Here's what I thought. You said:

Mom has been really acting up lately. not answering my

> sisters calls because she " didn't feel like it " , saying how the

> family thinks badly of her because she can't " control her

children " .

You and Susie are ADULTS, not children. That might be a valid

criticism if you guys were, say, FIVE YEAR OLDS! And we both know

she's probably just projecting that onto them anyway, right? If they

ARE critical of her for not controlling her GROWN offspring, then

they're as nuts as she is.

> Well, mom calls susie today and tell her how torn up she is about

the

> situation and blah blah blah. my sister has decided to make the

trip

> down with mom instead of staying here.

Aw, that makes me sad =(

I completely respect her

> decision, and of course did not make her feel bad about it, but i

did

> try and caution her.

> I told her that mom is acting semi-nice and sorry out of pure

> desperation, because she IS losing control, that she is acting this

> way out of manipulation. My sister has told me many times that she

> doesn't want to go, so I'm sure she is only going now because mom

> played the " guilt and manipulation game " with her during that phone

> conversation.

I think you did the right thing here. Susie has a better chance of

un-meshing herself with a good example and support from her sister.

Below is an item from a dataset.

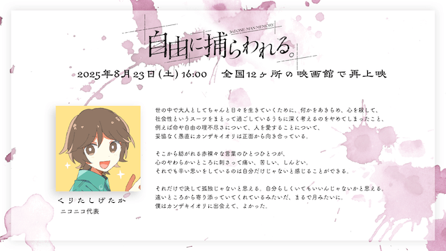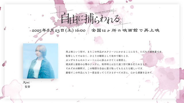 カンザキイオリ『自由に捕らわれる。』再上映、チケットプレオーダー受付開始

I know it must suck to watch her give in, though...

>

> It's just amazing how clearly i can see the games NADA plays.

> Also, NADA asked susie a lot of questions about me...including what

> can she do to change the way things are. Susie said she just told

> NADA if she wants to know anything about me she should just call

me.

> Which, I thought was a smart move on susie's part. Mom always talks

> bad about one of us to the other. IT was for this reason my sister

> and I didn't get along for a long time, i think.

YES, that's awesome. WAY TO GO, SUSIE =)

I keep

> imagining what a phone conversation would be like with her. First

> off, I'm pretty sure she won't DARE call me, because im the child,

> and i need to be the one to show respect and call her first. And I

> have no desire to initiate a conversation with her at all, because

as

> someone else put it, it's never a two way conversation, it is a

> Monologue from my NADA. It would probably end up one of two ways:

> 1) she will patronize me and agree with everything i say just to

> patronize me, to try and get me back under her control

> 2) she will blow up again and one of us will hang up on the other.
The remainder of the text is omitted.